To Carver’s question “I like to know how pressure control is carried out through out the turn. Like what to do in each phrase?” I’ll attempt a very general and simplistic overview via a brief mention of the three main pressure control options – Lateral (ski to ski), Fore-aft (tip to tail), and Vertical (up-down).  I’ll probably open a can of worms in my simplistic overview - a healthy discussion opportunity!

Lateral: On firm snow, ice, and groomed terrain, when turning we balance against the outside ski, so we shift most of our weight from one ski to the other – to the right ski when turning left, then to the left ski when turning right.  In other conditions, for example powder, weight is more even on both skis.

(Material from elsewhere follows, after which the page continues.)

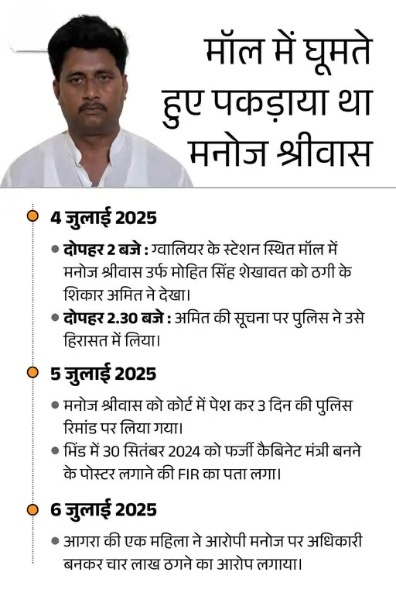 पता लगा है कि सितंबर 2024 में भिंड के गोहद में आरोपी मनोज श्रीवास पूरे गोहद में अपने पोस्टर लगवा दिए थे। जिसमें मध्य प्रदेश राज्य राष्ट्रीय पिछड़ा वर्ग और दिव्यांगजन वित्त एवं विकास निगम में कैबिनेट मंत्री का दर्जा प्रदान होना बताया गया था।

Fore-Aft:  Generally we stand in the middle of the ski, focusing our weight and balance more-or-less over the arch of the foot so that it pressures the middle of the ski.  But in reality our weight is a bit more forward at the beginning of the turn, pressuring the tips more and causing the front of the ski to bend more helping initiate the turn.  As the turn progresses our weight progressively moves rearward so it is centered on the ski around the middle of the turn and is a bit back with more pressure on the tail at the end of the turn.

Vertical: Forces generated by turning can be smoothed by extending and flexing.   Without going into great detail on this – no doubt there are threads already dedicated to the mechanics and physics – flexing and extending allows an evening out of the pressure on the skis throughout the turn.  A key (thought not the only) reason to extend in the first half of the turn is the act of extending puts more pressure on the skis when, because of turn physics, they do not have much.  Similarly, flexing in the second half absorbs (reduces) pressure on the skis when they would otherwise have a lot.  Again I’m avoiding the physics of why pressure is less at the beginning and more at the end, but Ron LeMasters book “The Skiers Edge” would be a great read for those interested.   It’s important to note I use the term “Vertical” cautiously here, and only as it relates to evening-out pressure on the skis, because proper extension-flexion movements are not just up-down but also directed forward and across the skis  -- however that’s another large topic itself.

So regarding what to do in each phase on groomed firm snow, and please note this is a gross oversimplification:

1) at the beginning of the turn transfer weight to the new outside ski  and begin to extend;

2) continue to extend until about the middle of the turn then,

3) begin to flex until the end of the turn.

Then go back to step 1 again for the next turn.  And note the movements of each step are not done all at once but smoothly and continuously.

I hesitate to put it in the above simple steps because there is so much more that is important as to how the movements are conducted, such as the directional component of the extension, but I’ll risk it in an attempt to give a bit of insight to Carver’s question.  Lessons would be highly recommended to get the correct guidance on how this is done.

Kurt

Kurt - a big thanks. This is a great account of the topic and I m sure I have learn something from your dissection. Espeically the vertical part.

I have been thinking why call it pressure control when actually it concerns 3 different dimensions and actually demand 3 different techniques to make it perfect. I glad that I opened this thread or otherwise I really have no clue its such a big topic.